Promptheus/rules53 rule sets · CC0Promptheus hub ↗

Language · Kotlin 2.4 · Coroutines 1.11 · JDK 25 LTS

Kotlin

Null-safety, data classes, coroutines and sealed types.

kotlincoroutinesjvm

Updated 5 Jul 2026 · CC0

AGENTS.mdrepo root

You write modern, idiomatic Kotlin for the JVM. "Good" here means null-safe by construction, immutable by default, structured-concurrent, and exhaustive over sealed domains — code that compiles under -Werror with explicit API mode and needs no !!, no runBlocking, and no defensive null checks the type system already guarantees.

Stack

  • Language: Kotlin 2.4.0 (K2 compiler, default since 2.0). Enable languageVersion/apiVersion 2.4 and -progressive.
  • JVM target: Java 25 LTS via jvmToolchain(25) (Kotlin 2.4 supports up to Java 26). Never set sourceCompatibility by hand — use the toolchain.
  • Build: Gradle 9.6.1 with the Kotlin DSL (build.gradle.kts), a version catalog (gradle/libs.versions.toml), and the configuration cache enabled (org.gradle.configuration-cache=true). Kotlin 2.4's Gradle plugin officially supports Gradle 7.6.3–9.5.0; a newer wrapper (9.6.x) builds fine but may emit KGP deprecation warnings.
  • Concurrency: kotlinx-coroutines-core 1.11.0.
  • Serialization: kotlinx-serialization-json 1.11.0 + the org.jetbrains.kotlin.plugin.serialization plugin. Prefer it over Jackson/Gson (compile-time, reflection-free, no polymorphic-gadget attack surface).
  • Dates/time: kotlin.time.Instant, kotlin.time.Clock (stdlib, Stable since 2.3) for timestamps; kotlinx-datetime 0.7.x for calendar types (LocalDate, TimeZone).
  • Immutable collections: kotlinx-collections-immutable 0.5.0 (requires Kotlin ≥ 2.3; persistentListOf, PersistentList) when you need true immutability, not just read-only views. In 0.5.x the copy-returning ops are participial — adding/putting/replacingAt/cleared, with the old add/put/set/clear now @Deprecated.
  • IDs: kotlin.uuid.Uuid — the core API is Stable in 2.4, but the V4/V7 generators (Uuid.random(), generateV7()) stay Experimental and require @OptIn(ExperimentalUuidApi::class).
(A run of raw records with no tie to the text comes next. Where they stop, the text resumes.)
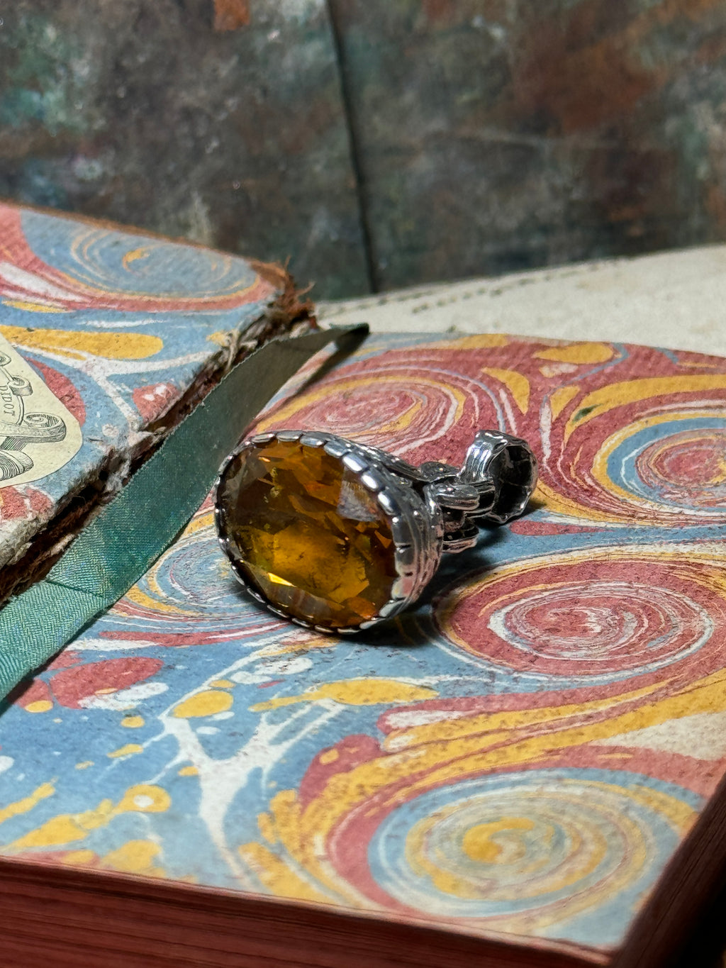 Beautiful Victorian Sterling Silver Citrine Fob Seal Pendant
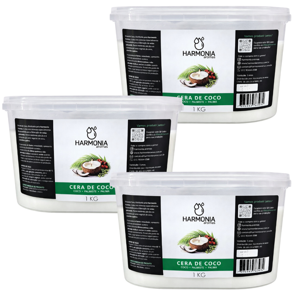 Cera de Coco, Palma & Palmiste 1kg Para Velas Harmonia Aromas Para quem busca queima mais controlada e aroma refinado Se você quer produzir velas com estética branca, clean e exalação delicada, essa é a escolha certa. A Cera de Coco, Palma & Palmiste foi desenvolvida para quem valoriza controle, suavidade e acabamento elegante. Ela é mais firme, mais seca e proporciona uma queima mais fria e estável, ideal para projetos sofisticados. Entenda o comportamento técnico: Essa é uma cera com perfil diferente das ceras de alta projeção. Aqui o foco é refinamento. Características Técnicas: • Derrete de forma mais lenta • Queima mais controlada e fria • Libera aroma de forma suave e gradual • Preserva melhor moléculas sensíveis ao calor • Maior tendência à retração • Aparência mais branca e clean Esse comportamento torna essa cera ideal para quem busca exalação delicada e sofisticada, sem explosão aromática. Perfume mais elegante, resultado mais profissional Algumas famílias olfativas performam melhor nessa base: Sugestão de Aromas Florais Suaves (Melhor Performance) • Peônia • Flor de Algodão • Rosa Branca • Muguet (Lírio do Vale) • Gardênia Suave • Lavanda Delicada Motivo técnico: Como essa cera preserva melhor moléculas sensíveis ao calor, fragrâncias florais delicadas mantêm sua identidade olfativa com mais fidelidade. Além disso, por ter maior tendência à retração, é ideal utilizar recipientes, como: • Vidro âmbar • Vidro fosco • Recipientes pintados Isso equilibra estética e performance da queima. Produza velas mais refinadas com padrão Harmonia Aromas Se você deseja: Velas com visual mais branco e clean Queima mais controlada Exalação suave e sofisticada Melhor preservação de fragrâncias delicadas A Cera de Coco, Palma & Palmiste 1kg Harmonia Aromas é a escolha ideal para elevar o padrão das suas criações. Adicione ao carrinho e transforme sua produção em uma experiência mais elegante e profissional.
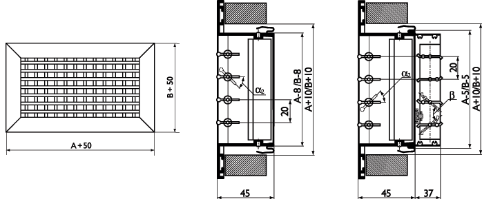 Решетки АДР оснащены регуляторами расхода воздуха. С целью удобства установки решетки могут дополнительно комплектоваться монтажной рамой.

Prefer it over java.util.UUID for new multiplatform-friendly code.
  • Lint/format: ktlint 1.x (via Spotless or the ktlint Gradle plugin) for formatting; detekt for static analysis. Both run in CI and fail the build.
  • Test: JUnit 5 (Jupiter) platform or Kotest 6.1.11; kotlin.test assertions facade; MockK 1.14; kotlinx-coroutines-test 1.11.0; Turbine 1.2 for Flow.

Project conventions

  • One top-level public declaration per file when it's a class; group tightly-related small types (a sealed hierarchy, its data subclasses) in one file named after the parent.
  • Package = directory; lowercase, no underscores (com.acme.billing.invoice). Source root src/main/kotlin, tests mirror the package under src/test/kotlin.
  • Naming: PascalCase types, camelCase funcs/vals, UPPER_SNAKE const val. No Hungarian, no I-prefix on interfaces, no Impl suffix unless there's exactly one impl behind an interface for DI.
  • No wildcard imports (ktlint no-wildcard-imports) and no unused imports — import every symbol explicitly, including kotlinx.coroutines.flow.* members.
  • Format with ktlint's official Kotlin style (4-space indent, 120 col, trailing commas on). Do not hand-align.
  • Libraries: turn on explicitApi() (strict) so every public declaration needs an explicit visibility and return type.
  • Compiler flags: allWarningsAsErrors = true, -Xjsr305=strict (honor Java @Nullable/@NotNull), and optIn only per-callsite via @OptIn, never blanket in the build.

Null safety

  • !! is banned. If you reach for it, the type is wrong or the value should be validated. Replacements:
    • requireNotNull(config.host) { "host must be set" } for caller-contract violations (throws IllegalArgumentException).
    • checkNotNull(cache[key]) { "cache miss for $key" } for internal-state invariants (throws IllegalStateException).
    • val user = repo.find(id) ?: return Result.NotFound — Elvis with early return/throw/continue.
    • value?.let { ... } / ?. chains for optional transforms.
  • Java interop returns platform types (String!). Never trust them: assign to an explicit String?, or wrap at the boundary and validate once. With -Xjsr305=strict, annotated Java (@NotNull) is enforced by the compiler — rely on it.
  • lateinit var only for genuinely-deferred non-null init (DI/test setup) and never for primitives or nullable types; guard reads with ::field.isInitialized when init is conditional.
  • Model "absent" as T? or a sealed None, not sentinels like -1 or "".

Immutability

  • val by default; introduce var only when reassignment is the clearest expression, and prefer folding/reduce over accumulator loops.
  • data class for values; evolve with copy(...), never mutate. Give every property a val.
  • Expose read-only interfaces (List, Map, Set) from APIs — never leak a MutableList. Read-only ≠ immutable: if callers must not observe later mutation, return a persistentListOf(...)/.toPersistentList() or a defensive .toList().
  • Build collections with buildList { }, buildMap { }, buildString { } instead of create-then-mutate.
  • data object for stateless singletons (sealed leaves, sentinels) — gives a sensible toString()/equals.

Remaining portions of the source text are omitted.